A voz veio do nada, fazendo Kara levar um susto, e fazendo seu estômago estremecer e despencar na barriga, como se ela realmente tivesse se soltado e estivesse em queda livre através do nevoeiro. Kara não conseguia ver ninguém. A bruma era grossa, a oportunidade perfeita para ela se deixar levar pelo branco aveludado sem ninguém saber. A espessura enganava, a densidade a embalava numa falsa sensação de segurança, a envolvendo como se fosse agarrá-la, como se ela pudesse se esconder nela por um tempo. Num sussurro úmido, a névoa dizia que se entregar seria mais fácil, indolor, que ela seria simplesmente envolta em uma nuvem, que não cairia. No entanto, parte de si queria cair. Era por isso que ela estava ali. E não conseguia tirar aquela música da cabeça.

Oh, my darling Alex, up in heaven, so they say
( Ah, minha querida Alex, lá no céu é o que dizem )

And they'll never take you from me, anymore
( E nunca mais vão tirar você de mim )

I'm coming, coming, coming, as the angels clear the way
( Eu estou indo, indo, indo, com os anjos limpando o caminho )

So farewell to the old Kentucky shore.
( Por isso, do litoral do velho Kentucky me despedirei. )

- Desce daí. - A voz veio novamente. Sem corpo.

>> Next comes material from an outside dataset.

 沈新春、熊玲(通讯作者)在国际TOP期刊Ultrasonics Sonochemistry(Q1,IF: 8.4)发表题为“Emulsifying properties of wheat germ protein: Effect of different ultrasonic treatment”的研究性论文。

A loira não conseguia nem dizer de que direção vinha. Era rouca, suave. Voz de mulher.

A paciência na voz fez Kara lembrar de seu pai. Ele teria tentado convencer alguém a descer de uma ponte. Talvez convencer essa pessoa cantando. Sorriu um pouco com isso. A voz do pai estava em suas primeiras lembranças. Rica e familiar. No começo Kara sempre levava a melodia, seu pai assumia o tom de tenor e sua avó entrava com as harmonias agudas. Cantavam durante horas. Era isso o que faziam. Era nisso que eram bons. Era por isso que viviam. Mas a garota não queria mais viver por aquilo.

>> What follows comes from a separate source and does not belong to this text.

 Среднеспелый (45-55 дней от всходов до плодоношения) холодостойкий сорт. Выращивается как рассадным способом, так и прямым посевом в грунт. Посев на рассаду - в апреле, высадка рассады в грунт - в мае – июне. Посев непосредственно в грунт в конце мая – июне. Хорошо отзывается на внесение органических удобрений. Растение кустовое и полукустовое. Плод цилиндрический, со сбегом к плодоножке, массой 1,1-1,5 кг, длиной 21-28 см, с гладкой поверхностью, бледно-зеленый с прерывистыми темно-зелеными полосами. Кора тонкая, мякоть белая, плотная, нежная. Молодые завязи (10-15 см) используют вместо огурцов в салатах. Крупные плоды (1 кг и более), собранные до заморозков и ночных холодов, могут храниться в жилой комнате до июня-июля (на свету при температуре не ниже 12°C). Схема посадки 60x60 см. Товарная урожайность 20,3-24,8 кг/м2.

- Se você não descer, eu vou subir. - Outro sobressalto. Tinha esquecido que ela estava ali. Rápido assim, tinha esquecido que ela estava ali. Seu cérebro estava tão nebuloso quanto o ar à sua volta, como se tivesse respirado a bruma. Kara reparou no sotaque da outra, sem conseguir identificá-lo.

Sua mente falhou por um instante. Boston. Ela estava em Boston. Tinha estado em Nova York na noite anterior e na Filadélfia duas noites antes. Tinha sido Detroit na última segunda-feira? Tentou se lembrar de todas as paradas, de todas as cidades, mas tudo estava misturado num borrão. A jovem raramente via muito das cidades onde se encontrava. Um lugar apenas se fundia no outro.

De repente ela estava ao seu lado, equilibrado-se na grade, com os braços apoiados nas treliças, sua postura imitando a da loira. Ela era pouco mais baixa que Kara, que notou seu tamanho depressa, olhando ao redor dos seus próprios braços erguidos e agarrados à viga de suporte acima da sua cabeça. Seu coração afundou no peito e aterrissou com um baque nauseante no fundo da barriga. Bateu e pulou. Ficou se perguntando se a mulher era uma aproveitadora ou uma assassina em série. Deu de ombros, cansada. Caso estivesse preocupada em ser morta, poderia simplesmente se soltar. Problema resolvido.